Statisticians cringe when people toss around the term “average“. “Average” has a narrow application: predicting the sum-total, in the long run, with many repeated instances on the way. But people use the average to predict what the next event will be — and average just doesn’t work that way. Local and recent trends in data aren’t reflected in averages — e.g. predicting tomorrow’s weather based on the annual average; and tiny-seeming changes in averages can mean huge changes in the real world (think: global warming).

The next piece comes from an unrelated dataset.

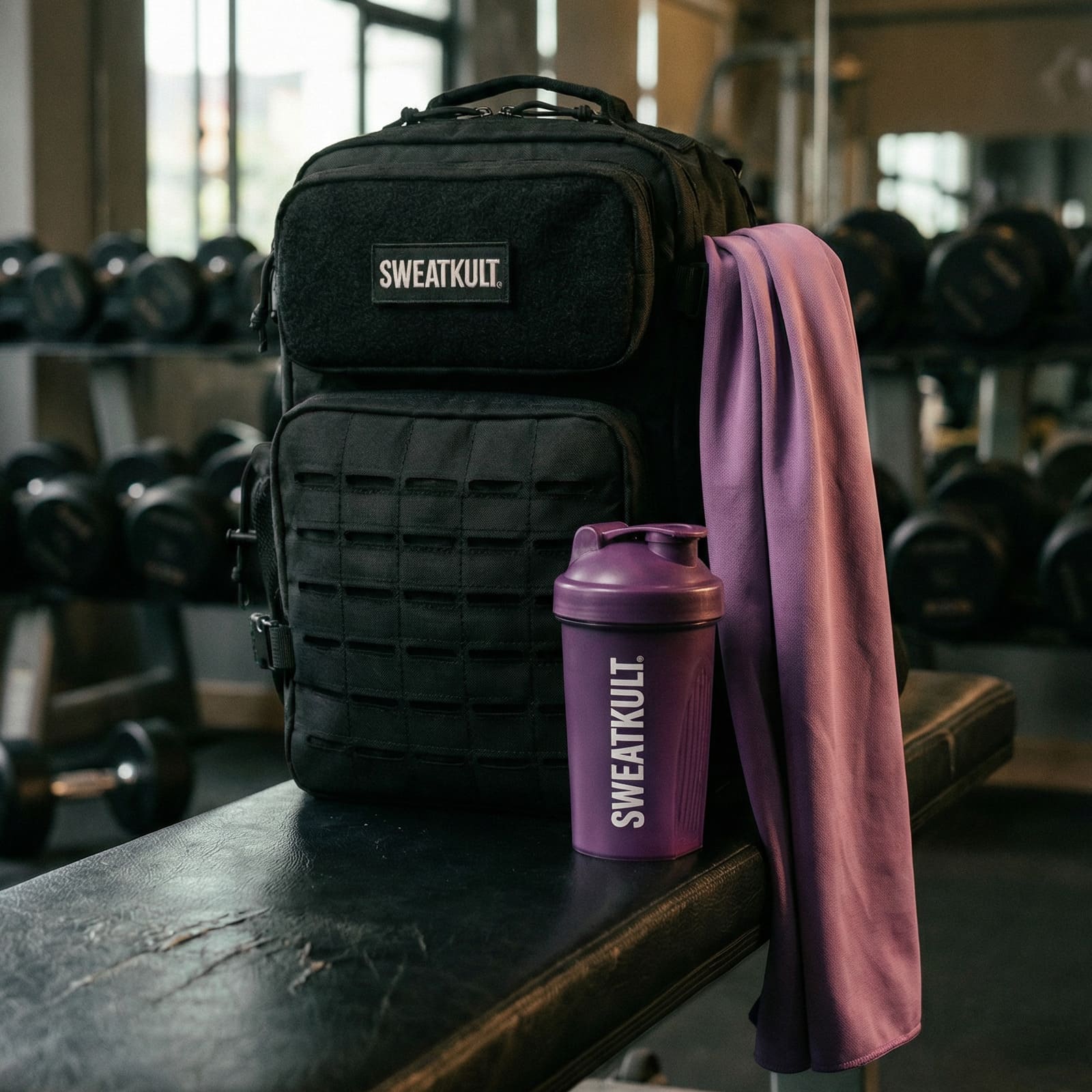 Your complete gym system. Tactical backpack + shaker + towel + training routines.

What people really need when trying to detect change in the short term is the median. Unfortunately, it is easier for software to compute “average” than “median”: add up the numbers, divide by the count. So common software tools have always provides handy AVERAGE functions. AVERAGE gives you a pretty number. MEDIAN gives you something you can make a decision on.

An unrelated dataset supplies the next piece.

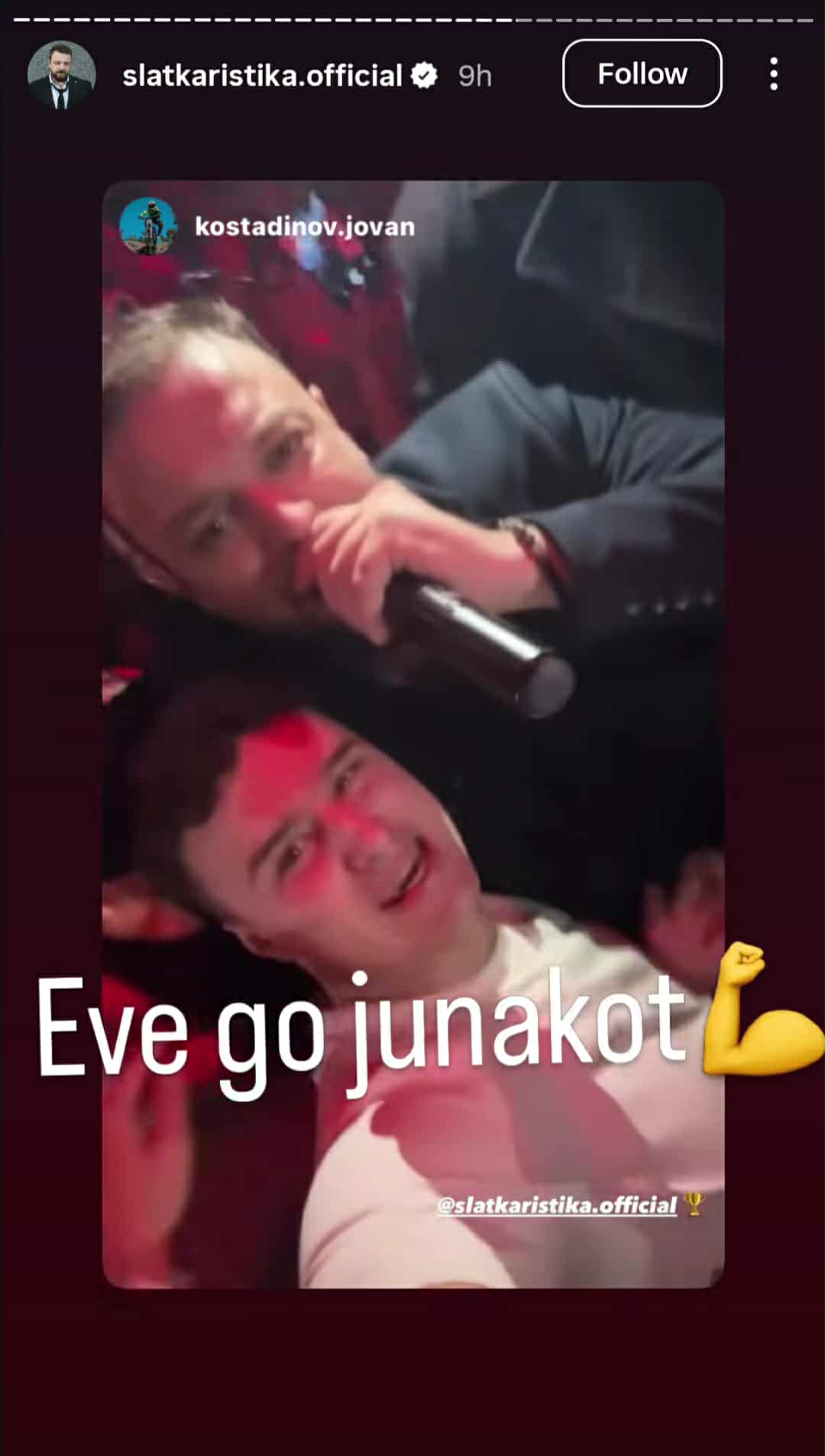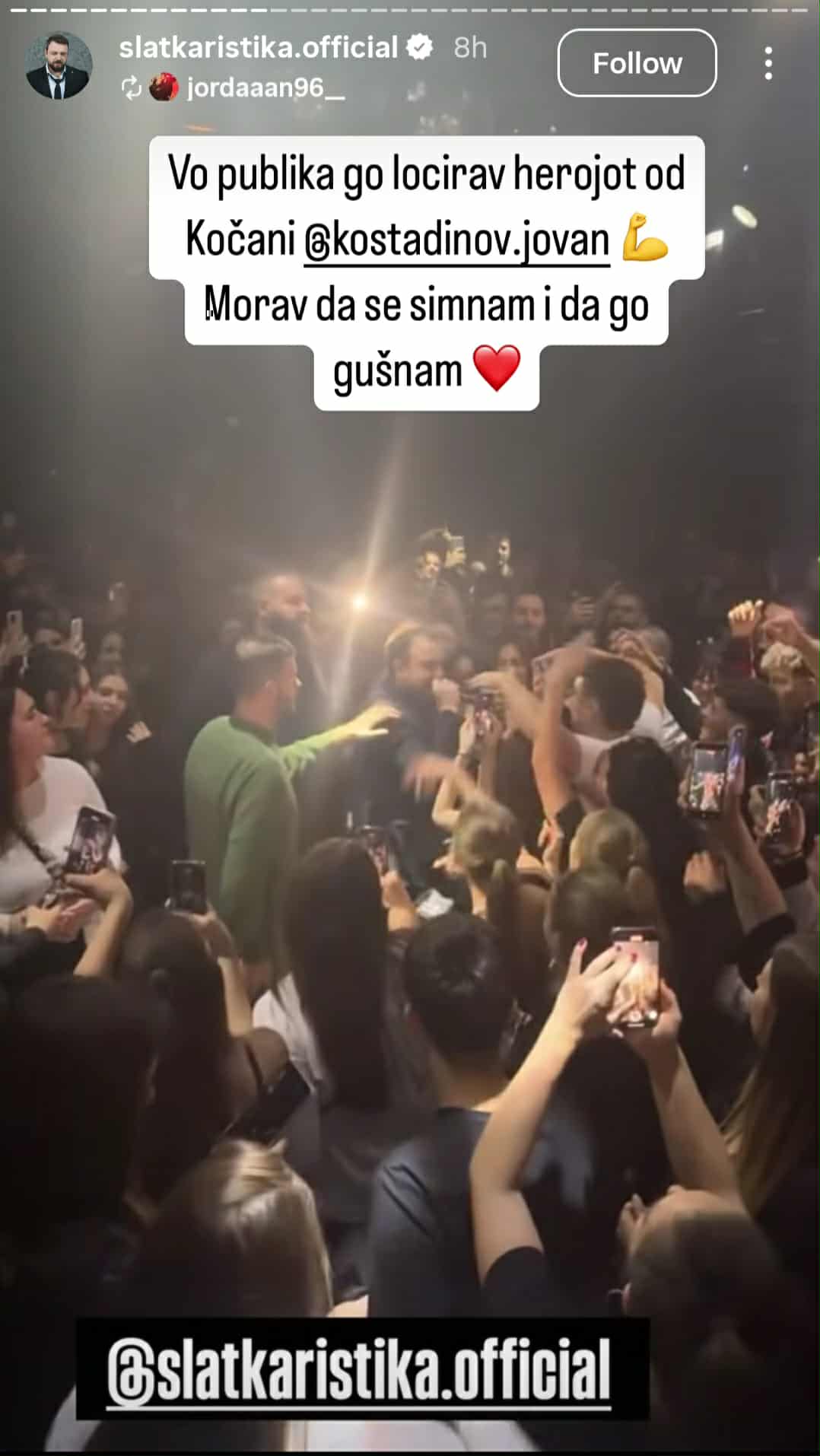 „Во публика го лоцирав херојот од Кочани. Морав да се симнам и да го гушнам“, напиша Слаткар на социјалната мрежа Инстаграм каде објави фотографија од него и Јован.
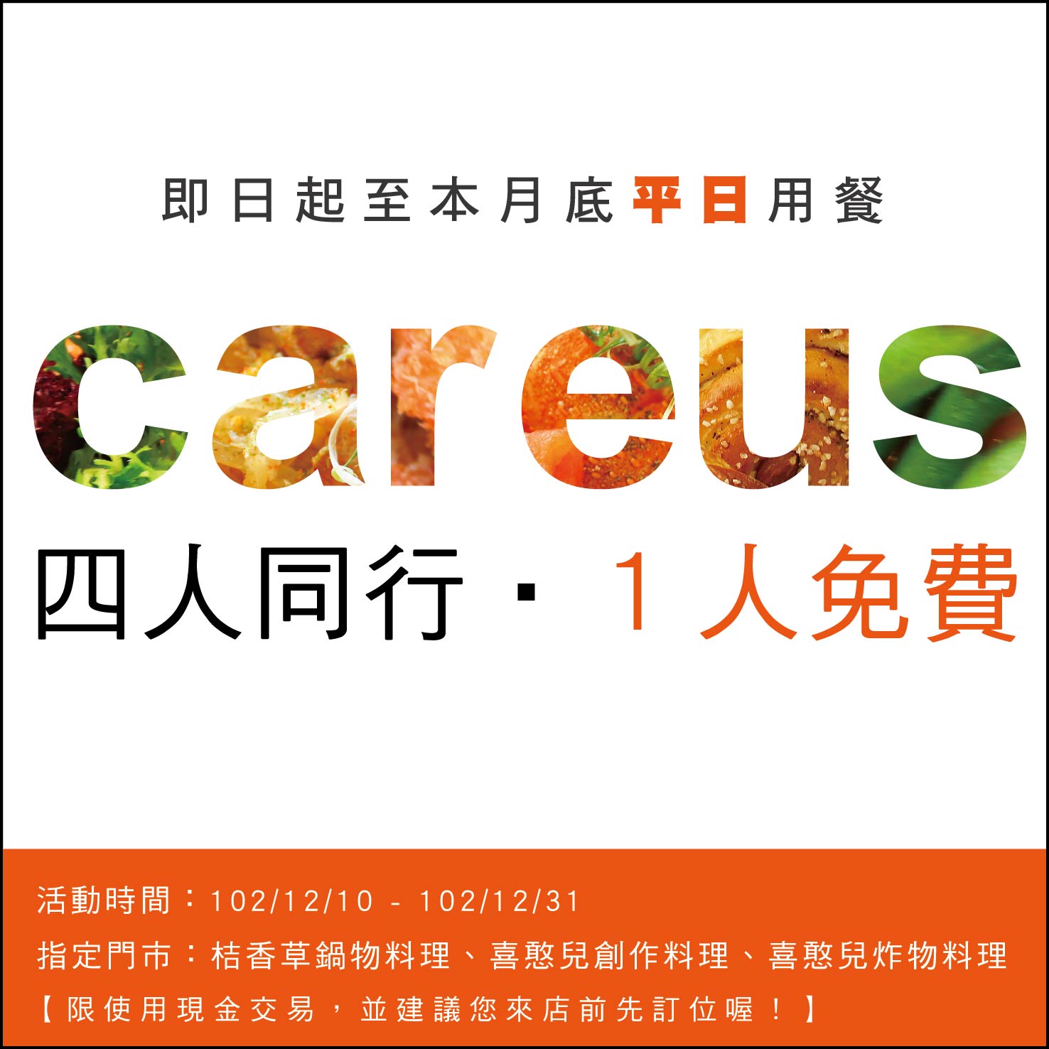 凡於平日至喜憨兒高雄區指定門市用餐,即可享四人同行一人免費優惠。

I love SQL for the same reason I like bit twiddling — inherent parallelism. But”median” is just not something basic SQL was built to do. Suppose I have a table List(num INTEGER). The SQL for MEDIAN looks like:
SELECT ( (SELECT MIN(num) FROM List X WHERE (SELECT COUNT(*) FROM List Y WHERE Y.num <= X.num) >= (SELECT COUNT(*) FROM List) / 2) + (SELECT MAX(num) FROM List X WHERE (SELECT COUNT(*) FROM List Y WHERE Y.num >= X.num) >= (SELECT COUNT(*) FROM List) / 2) ) / 2
Ew — not even considering execution time. The good news is, there is a common “special” case in the real world: small numbers are more common than large numbers. That’s typical for any population that divvies up a limited resource. For positive numbers, this leads to the situation that AVG(num) and 1/AVG(1/num) neatly bracket the median; it is very closely approximated by the geometric mean of the two. The SQL for this is somewhat smaller:
SELECT SQRT(SUM(num) / SUM(1.0/num))